We listen to music occasionally, but this room is primarily going to be for movies and TV so I'm really not concerned with music. I have decided to go with an AT screen and put all three speakers behind the screen. More than likely they will be all floorstanding speakers and identical. My one question is, do you think I would be okay to drywall around the large hole where the screen will be?


----------



## Tonto (Jun 30, 2007)

Most walls are a frame covered with fabric. Why are you considering dry wall?


----------



## eclipse911t (Jan 8, 2013)

A baffle wall is typically dry walled across the entire front with only cut outs for the speakers. This is of course designed for large rooms with horns. Not sure how it translates to dome tweeters. I'd do some more planning based on your specific speaker choice. Do you know what you'll be using?

Regardless I wouldn't suggest drywall around the screen. If do a true baffle wall or a true false wall with only fabric that is entirely AT.


----------



## NBPk402 (Feb 21, 2012)

Make sure you leave a way to get behind the screen in case you need to. :T


----------



## Dream Theater (Sep 14, 2014)

I ended up going with the Epson 3020 because I got a great deal on a manufacture refurbished unit. Also broke down and ordered a Jamestown Seymour 130" screen. I'm sure I'll be glad I did!


----------



## NBPk402 (Feb 21, 2012)

Dream Theater said:


> I ended up going with the Epson 3020 because I got a great deal on a manufacture refurbished unit. Also broke down and ordered a Jamestown Seymour 130" screen. I'm sure I'll be glad I did!
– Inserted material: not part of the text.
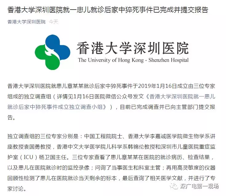 1月31日,香港大學深圳醫(yī)院再次發(fā)布消息,稱就患兒就診后家中猝死事件已完成調(diào)查并提交報告。全文如下: 香港大學深圳醫(yī)院就患兒章某某就診后家中猝死事件于2019年1月16日成立由三位專家組成的獨立調(diào)查組(詳情見1月16日醫(yī)院微信公眾號發(fā)文《香港大學深圳醫(yī)院就一患兒就診后家中猝死事件成立獨立調(diào)查小組》),目前已完成調(diào)查并已向主管部門提交報告。 獨立調(diào)查組的三位專家分別是:中國工程院院士、香港大學李嘉誠醫(yī)學院微生物學系講座教授袁國勇教授,香港中文大學醫(yī)學院兒科學系韓錦倫教授和深圳市兒童醫(yī)院重癥監(jiān)護室(ICU)楊衛(wèi)國主任。三位專家查看了患兒章某某在醫(yī)院的就診病歷、檢查結(jié)果,以及患兒在醫(yī)院就診時的監(jiān)控錄像;問詢了當事醫(yī)生和科室主管;再用高靈敏度的儀器回顧性檢測了患兒在醫(yī)院就診當天剩余的標本,最后查詢了相關(guān)醫(yī)學文獻,并進行了專家討論。 三位專家已出具了最終調(diào)查報告。報告確定了患兒感染的類型,分析了患兒猝死的原因很可能為心源性并發(fā)癥,并為今后避免類似事件再次發(fā)生提供了建議。報告指出醫(yī)院的診療過程符合專業(yè)規(guī)范。 2019年1月25日上午,醫(yī)院已將報告的內(nèi)容悉數(shù)告知患兒章某某家長,并對家長進行了慰問。同日,醫(yī)院也將報告上報給了主管部門。 由于報告的部分內(nèi)容涉及患兒及其家人隱私,以及報告的部分內(nèi)容依據(jù)《中華人民共和國傳染病防治法》規(guī)定,醫(yī)院沒有權(quán)限向公眾公開,所以醫(yī)院無法公布報告全文。 醫(yī)院一直秉持公開、專業(yè)、科學的方式處理這一個案,尋求真相,并依此對診療工作進行持續(xù)改進,促進醫(yī)學的進步。醫(yī)院也正在等待第三方的尸檢結(jié)果。 最后,醫(yī)院對獨立調(diào)查組的三位專家致以誠摯的謝意,感謝他們在短短數(shù)天時間內(nèi),認真、細致、嚴謹?shù)赝瓿闪苏{(diào)查,并撰寫了報告。 香港大學深圳醫(yī)院 2019年1月31日

Did you get the AT screen?


----------



## Dream Theater (Sep 14, 2014)

ellisr63 said:


> Did you get the AT screen?


Yep, the AT screen with the Seymour XD material.


----------



## Dream Theater (Sep 14, 2014)

Here is a recent pic of my home theater. I laid subfloor on the concrete. There is going to be a platform at the back of the room.


----------



## Tonto (Jun 30, 2007)

Have you decide how far out to move the screen wall & stage?


----------



## Dream Theater (Sep 14, 2014)

Tonto said:


> Have you decide how far out to move the screen wall & stage?


 It's hard to tell from the pic , but the wall is 16 inches away from the cinder block. Originally I was going to build an access panel to get behind the wall from the other room, but I am probably going to have access to get behind the AT screen by lifting it up.


----------



## Dream Theater (Sep 14, 2014)

Here is a pic of my upper platform ( incomplete ).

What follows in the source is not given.